Se attualmente la Chiesa romana possedesse un territorio di là dalle Alpi, non sarebbe improbabile che Pio IX, in condizione di cose che ricordano l'epoca di Cola di Rienzo, vi cercasse rifugio, invece di rimanere, sotto la dubbia protezione della Francia, in Roma.
Clemente ampliò ed abbellì il palazzo dei suoi predecessori. Vi eresse una stupenda cappella, o piuttosto una chiesa gotica, di gran lunga superiore, per ampiezza e per bellezza architettonica, alla cappella Sistina del Vaticano. La ornò, come del pari varie stanze del castello, di buone pitture a fresco, per opera di maestri chiamati d'Italia. Tutte queste pitture vennero distrutte; la cappella, divisa in due piani ed in varie camere, venne ridotta ad uso di caserma, e si vedono con dolore gli archi gotici incassati nei muri ed avanzi di pregevoli affreschi, che erano, senza dubbio, della scuola di Giotto.
Clemente VI morì il 6 dicembre 1352, dopo oltre dieci anni di pontificato e dopo aver vissuta vita piacevole e splendida.
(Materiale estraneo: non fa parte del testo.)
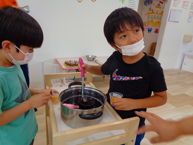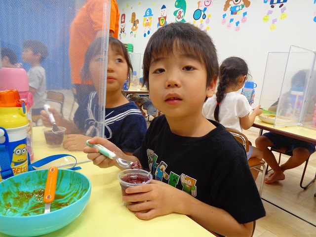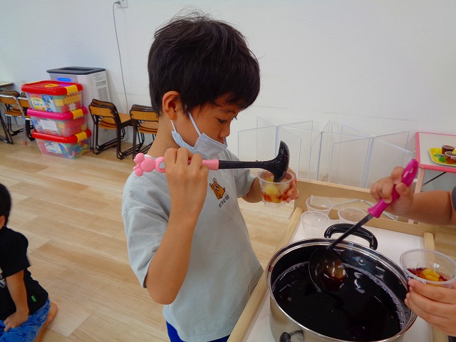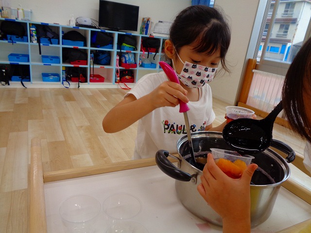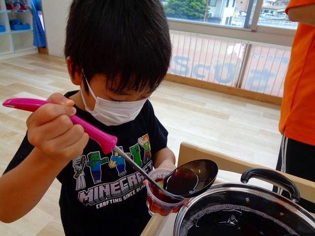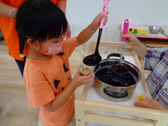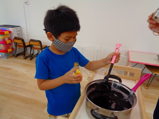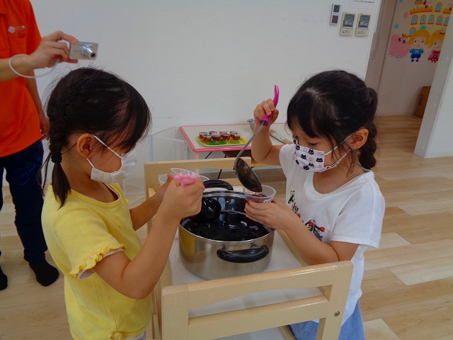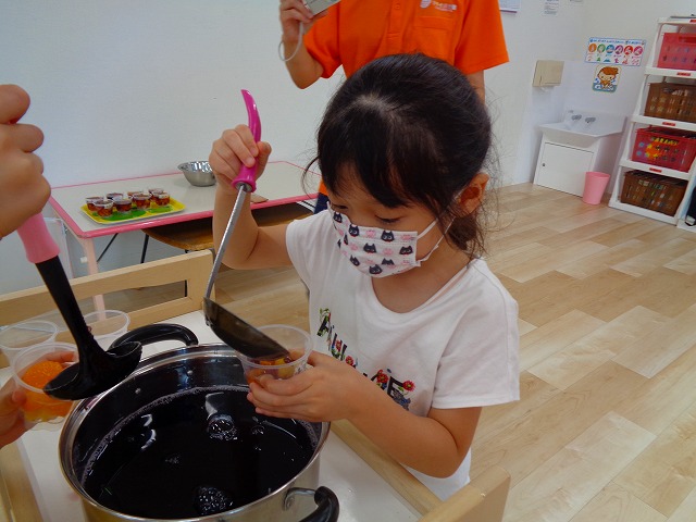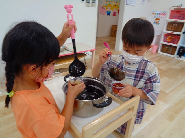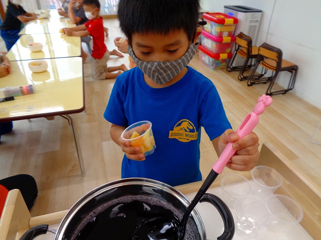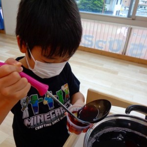 魔法の液体で固まったゼリーをみて“すごーい”と驚いていました(笑)

Aveva radunato in Avignone il fiore della Francia meridionale, ed introdotto il lusso alla sua corte; nelle sale del suo palazzo, gremite di belle dame, di cavalieri, di poeti, di artisti, di dotti, le feste si succedevano alle feste. Egli fu largo co' suoi nipoti, co' suoi favoriti, delle dignità della Chiesa e dei tesori accumulati dall'avarizia del suo predecessore. Fu il papa più brillante di quanti ebbero stanza in Avignone, ed il cupo castello sotto di lui si può paragonare al Vaticano nei tempi di Sisto IV, di Giulio II e di Leone X.
Tre papi abitarono ancora dopo di lui la Francia; l'ultimo di questi pose fine all'inopportuno esilio, riportando la sede del sommo pontificato nella città eterna.
Il severo Innocenzo VI fu il contrasto preciso di Clemente VI. Proscrisse ogni lusso dalla corte di Avignone, rimandò a Roma Cola di Rienzo, facendolo accompagnare dal cardinale Egidio Alvarez Albornoz, uno degli uomini di Stato e dei capitani più distinti che abbia avuto la Chiesa. Egli, difatti, riuscì a riconquistare al patrimonio di S. Pietro le provincie perdute, meglio di quanto non abbia saputo fare, a' giorni nostri, il generale Lamoricière. Roma stessa piegò davanti a quell'energico spagnuolo, e fece ritorno al papa. Innocenzo VI morì in Avignone il 12 settembre 1362.
Gli succedette Urbano V (1363-1370). Potè essere grato ai suoi predecessori, i quali avevano provveduto a cingere Avignone di mura, imperocchè, senza questa precauzione, sarebbe caduto nelle mani di quelle bande armate, le quali in allora percorrevano, saccheggiando, l'Italia ed il mezzodì della Francia. Circondarono quelle la città, ed il papa si vide costretto ad ottenere, con molto denaro, il loro allontanamento. Petrarca, oramai vecchio, esortò allora Urbano, perchè abbandonasse la Francia e facesse ritorno a Roma, divenuta tranquilla. I Romani lo avevano richiamato per mezzo di un'ambasciata, ed Urbano si portò difatti, nel 1367, nella desolata città; se non che, nel 1370, abbandonò di bel nuovo Roma e l'Italia, fattesi deserte, e non valsero a trattenerlo le supplicazioni di S. Brigida, la quale gli profetava la morte, quando facesse ritorno ad Avignone. E volle il caso che la profezia si avverasse, poichè Innocenzo cessò di vivere nel dicembre, non appena ritornato in Francia. Egli aveva ultimato il palazzo pontificio, aggiungendovi la settima torre, denominata degli Angeli. Le altre sei avevano nome Trouillas, S. Giovanni, l'Estrapade, S. Lorenzo, la Campana e la Gache.